The Engineering Takeaway: Model selection is part of the build-measure-learn cycle. You will choose a starting model, monitor its performance and cost, and be ready to switch.

2.2 Roles, Not Names

A common beginner mistake is assuming an AI application is powered by a single massive intelligence. Production systems rarely rely on a single model. Instead, they orchestrate multiple models performing different roles.

This reflects a general architectural pattern: use the right model for the job.
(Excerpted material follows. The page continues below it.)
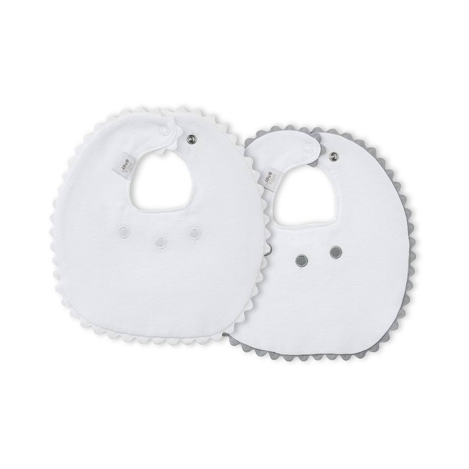 Set di 2 bavaglini 100% cotone organico grigio e bianco motivo floreale lavabile OEM fornitura per Saliva del bambino asciugamani
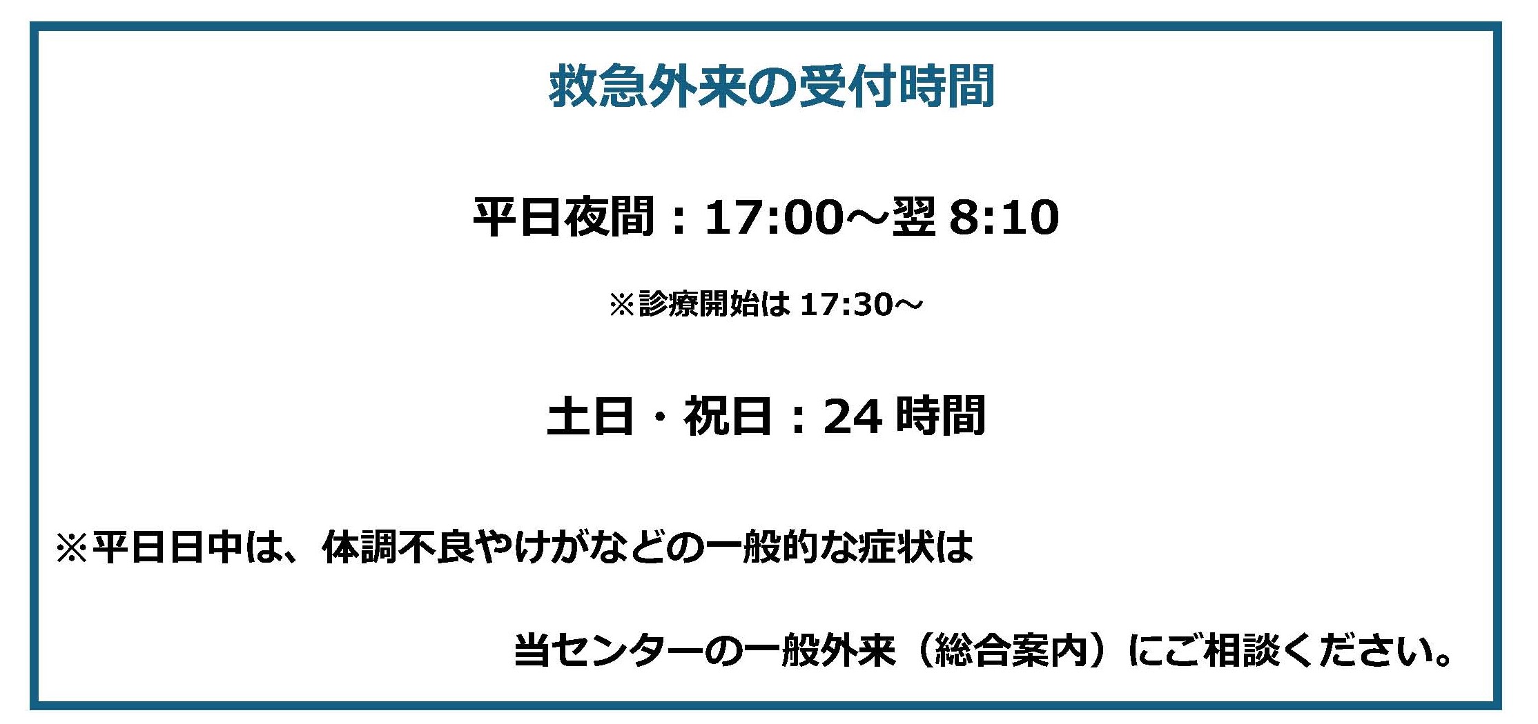 当センターの救急外来は、夜間・休日に急な体調不良やけががあった際、事前のお電話なしで直接来院いただける外来です。地域の皆さまに安心してご利用していただけるよう、受診前に以下の内容をご確認ください。

Role	Purpose	Typical Model Category	Example
Generator	Produce the final text response.	Chat/Instruct models	Claude Opus 4.7 Thinking
Embedder	Convert text into vector embeddings for search.	Embedding models	Gemini Embedding 001, Qwen3-Embedding-8B
Reranker	Score and reorder retrieved text for relevance.	Rerank models	Qwen3-Reranker-4B, Qwen3-Reranker-8B
Classifier/Router	Route requests or filter toxicity.	Small, fast classifiers	Granite Guardian 4.1, Qwen3.5 0.8B
Reasoning Model	Handle complex logic with internal planning.	“Pro” or “Thinking” variants	GPT-5.5 xhigh
Vision Model	Read images, PDFs, or charts (VLMs).	Multimodal models	Gemini 3.1 Pro
Audio Model	Convert speech to/from text (STT/TTS).	Speech-to-text and text-to-speech models	ElevenLabs Scribe v2, Realtime TTS 1.5 Max
Fallback Model	Handle traffic when the primary model is down.	Cheaper or alternate API provider	Gemini 3 Flash, DeepSeek V4 Pro

By splitting tasks across specialized models, you optimize both latency and cost.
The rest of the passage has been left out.